Ismael Lopez 700x420
Ismael Lopez 700x420

BY SIMON VEAZEY

Back in June, the widow of a man shot dead by police in a case of mistaken identity filed a $20 million civil lawsuit against the city, after the criminal case against officers was dropped by a jury.

Now lawyers for the city in Mississippi have filed to have that civil case dismissed with a controversial legal pitch: they claim the constitutional rights cited in the lawsuit do not apply because the victim was not in the country legally at the time of his death.
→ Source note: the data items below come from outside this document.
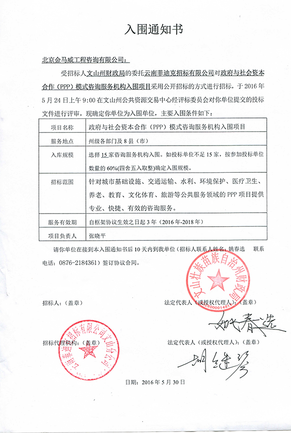 北京金馬威工程咨詢有限公司入圍“文山州財政局政府與社會資本合作(PPP)模式咨詢服務(wù)機構(gòu)入圍項目”
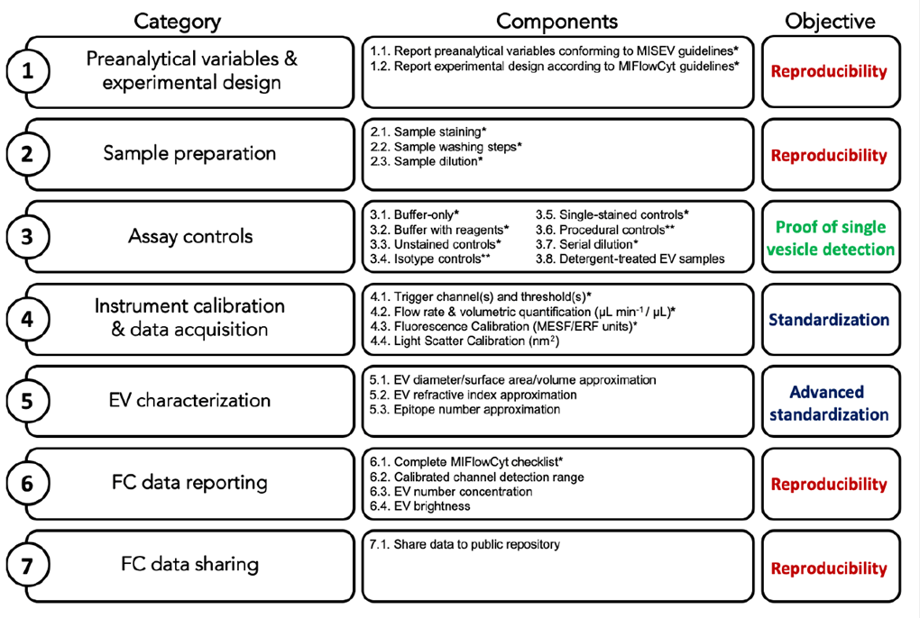 Fruto del trabajo conjunto de la ISEV y de la Sociedad Internacional para el Avance de la Citometría (ISAC), se ha publicado una guía más específica para los estudios que utilicen la Citometría de Flujo (CITF) como el método de elección para la caracterización fenotípica de EVs y su identificación y uso como biomarcadores:
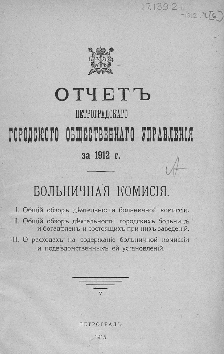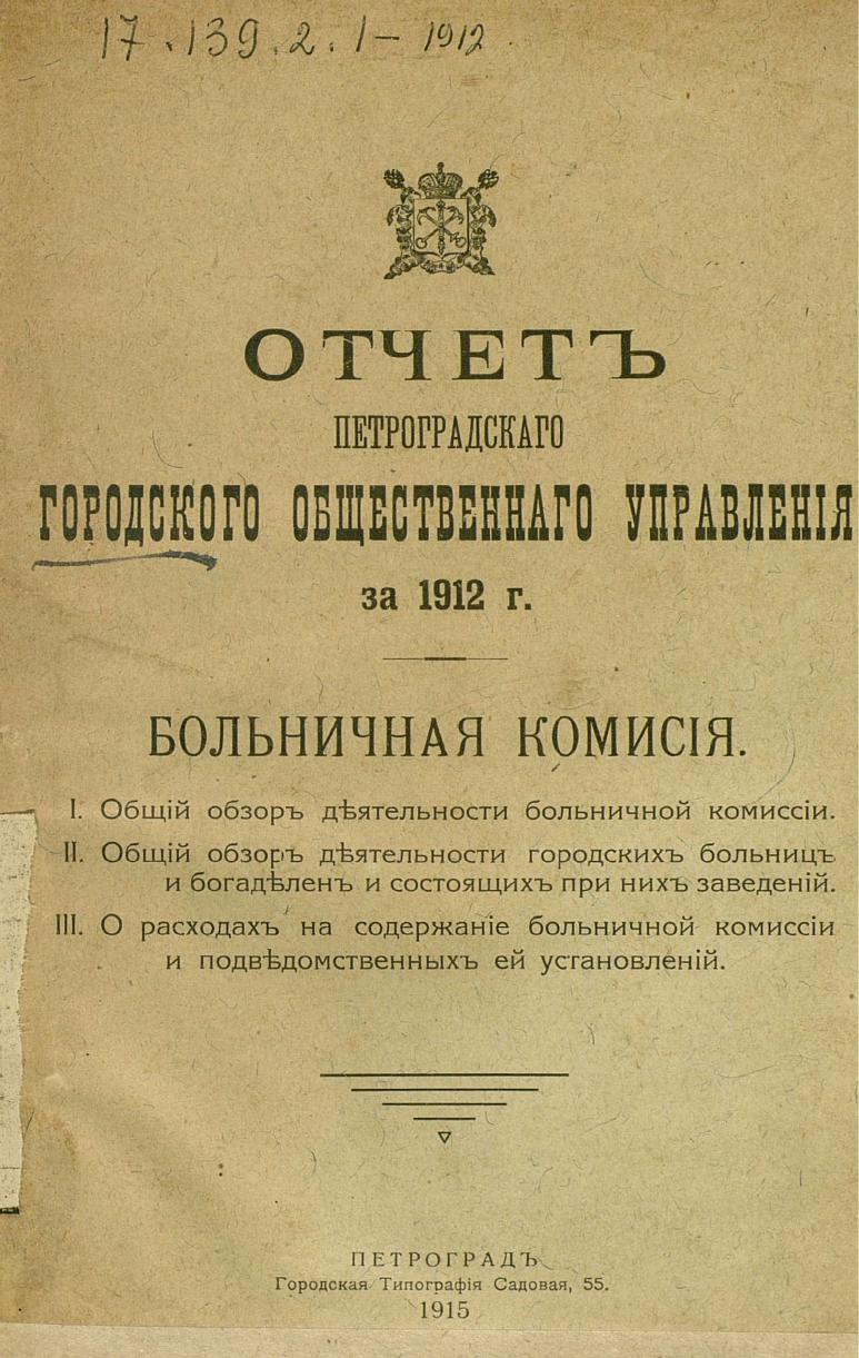 Отчет городской управы за 1912 г. Ч. 8 : Больничная комиссия
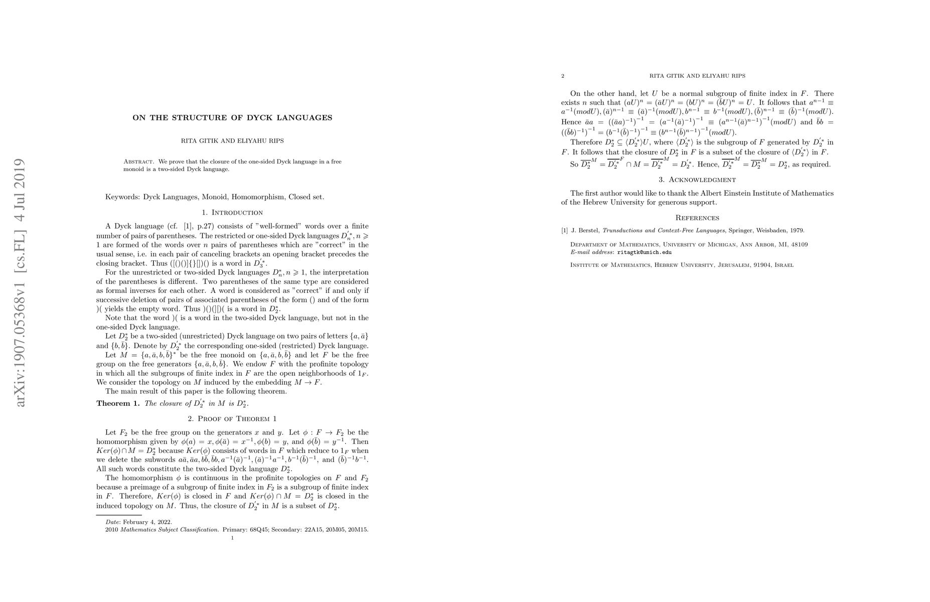 We prove that the closure of the one-sided Dyck language in a free monoid is a two-sided Dyck language.
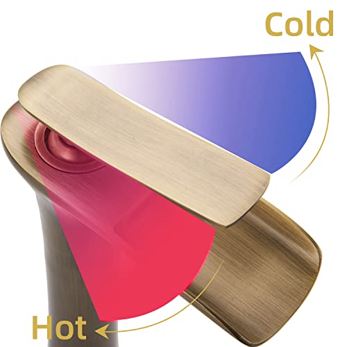 Il rubinetto è alto e adatto per il lavabo sopra il bancone. La finitura in ottone antico resiste all'ossidazione e alla corrosione dall'uso quotidiano. Rubinetto per lavabo con foro singolo, diametro del foro del lavandino: 33-43 mm
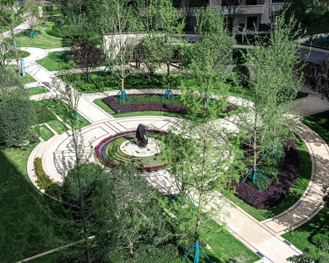 德阳璀璨天城景观设计以一环、双轴、双中庭作为整体景观空间结构。通过全景绿色生活,开阔对称的中心阳光草坪,沉淀繁华的后场花园等,为社区内全龄人群打造核心沉浸的景观体系。
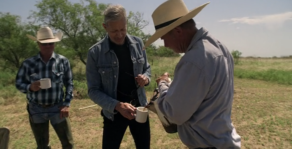 We’re back for a new episode of The World According to Jeff Goldblum and today’s topic is coffee! The tasty dark beverage has been around for centuries and is consumed the world over. To get us started Jeff heads to the cattle country in Texas where he meets real life cowboy Kent Rollins who keeps the traditions of old west cooking alive. Kent has perfected the art of making cowboy coffee and discusses the history of the beverage with Jeff.
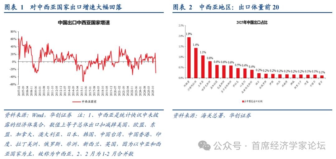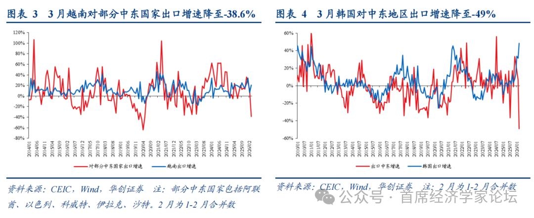| 一、中东冲突扰动下贸易量价分化的三点观察 (一)区域分化:中东地区出口或显著回落 中西亚地区出口大幅回落。3月,中国对中西亚地区出口增速降至-29.6%,相比1-2月累计同比22.9%大幅回落52.4个点,对中国整体出口拉动下滑5.9个百分点。 中国对该地区出口中,中东经济体占比较大。中西亚国家是统计快讯中未披露的经济体集合,数值上等于总体出口扣减掉美国、欧盟、东盟、加拿大、澳大利亚、日本、韩国、中国台湾、中国香港、印度、拉丁美洲、俄罗斯、非洲、新西兰、英国,因为以中亚和西亚国家为主,故称为中西亚。其中,中国出口体量较大的经济体主要包括阿联酋、沙特、土耳其、哈萨克斯坦等(图2)。 因此,中西亚出口的大幅回落,或反映中东拖累较大。 此外,一个侧面证据是,3月中东地区分别拖累韩、越出口增长1.5%、0.7%(仅部分中东国家)。3月,越南对五个中东国家(阿联酋、以色列、科威特、伊拉克、沙特)出口增速降至-38.6%,拖累越南出口增长0.7个点,较1-2月拉动回落1个点。同期,韩国对中东地区出口增速大幅降至-49%,拖累韩国出口增长1.5个点,较1-2月拉动边际回落1.7个百分点。
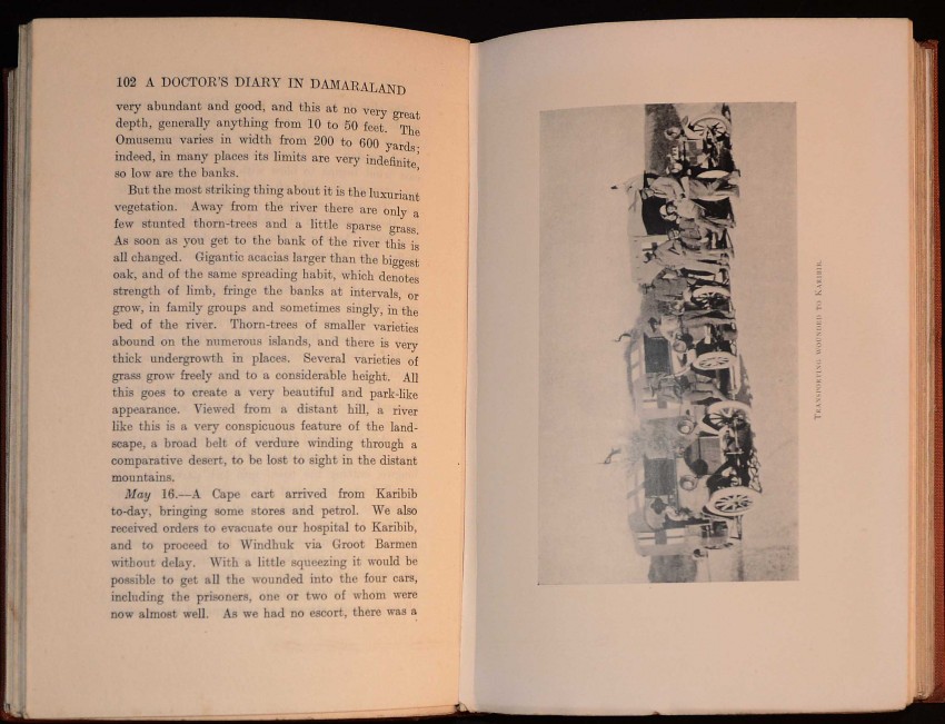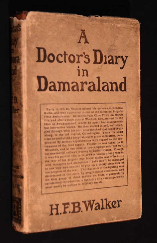 A fine unmarked unfoxed copy of the scarce first edition of this title in the rare original dustwrapper. The author's reminiscences of the time he served in the Mounted Brigade Field Ambulance during the campaign in South West Africa in the First World War. 207pp. plus 12pp. adverts at the rear. Eight black and white photographic plates.

In July 2017, police in the city of Southaven mixed up the address of a man wanted for domestic assault with the address of Ismael Lopez. In the ensuing raid on Lopez’s mobile home, he was killed by a single bullet to the back of the head, fired through a closed door, according to court documents.

When the manslaughter case against the officers ran aground, his wife filed an unlawful death lawsuit (pdf) against the 50,000-strong city that sits on the southern edge of Memphis, just inside the Mississippi state line.

Southaven, Mississippi. (Screenshot/Google Maps)

On Sept. 4, an attorney for the city filed to have that lawsuit dismissed saying that as an illegal alien, Lopez “had no Fourth or Fourteenth Amendment civil rights as alleged in the complaint.”

Lopez was a convicted felon for violent crime.

“If he ever had Fourth Amendment or Fourteenth Amendment civil rights, they were lost by his own conduct and misconduct,” a city attorney wrote in her motion, reported CNN. “Ismael Lopez may have been a person on American soil but he was not one of the ‘We, the People of the United States’ entitled to the civil rights invoked in this lawsuit.”

The attorney for the city cited two cases in which higher courts ruled that constitutional protections did not apply due to nationality.

In one case, the Supreme Court effectively ruled in 1990 that the Fourth Amendment does not apply to foreigners in foreign territory as it dismissed a claim that U.S. authorities had illegally carried out a search of a drug smuggler’s home in Mexico, saying they were not protected.

The other case cited by the city’s attorney was a 2011 case about a Mexican man who had entered the country illegally and had pleaded guilty to being an illegal alien in 5th Circuit Appeals court rejected his claim that his Second Amendment rights had been violated.

Murray Wells, a lawyer for Lopez’s family, described the legal defense as “chilling,” reported WATN.

“In an address to a federal judge in an open pleading in court, the city of Southaven has announced that it is their policy that if you are an undocumented resident of that city, you have no constitutional protections,” Wells said.

He said that the claims dispose of the right to constitutional protections, “meaning, that stormtroopers can come into your house and kill you without regard to any constitutional results or repercussions whatsoever,” Wells said, reported Local Memphis.

“If you take their arguments at face value, they can lock you up and throw away the key because you have no protections, no right to trial. They can kill you, they can use excessive force,” Wells said, “That’s what they are arguing. It’s just flat wrong. The Supreme Court has spoken to it over and over and over again.”

Lopez had been deported twice and reentered illegally, according to a Mississippi Bureau of Investigation report which also noted he had been arrested on domestic violence and DUI charges in Washington State in the 1990s.

Southaven Mayor Darren Musselwhite said in a statement provided to WMC that the city “will defend this matter in the court of law, not in the media via press conferences with ridiculously misleading soundbites.”

In the statement, he reiterated that the two officers were not indicted by a DeSoto grand jury and cleared by the FBI and Department of Justice.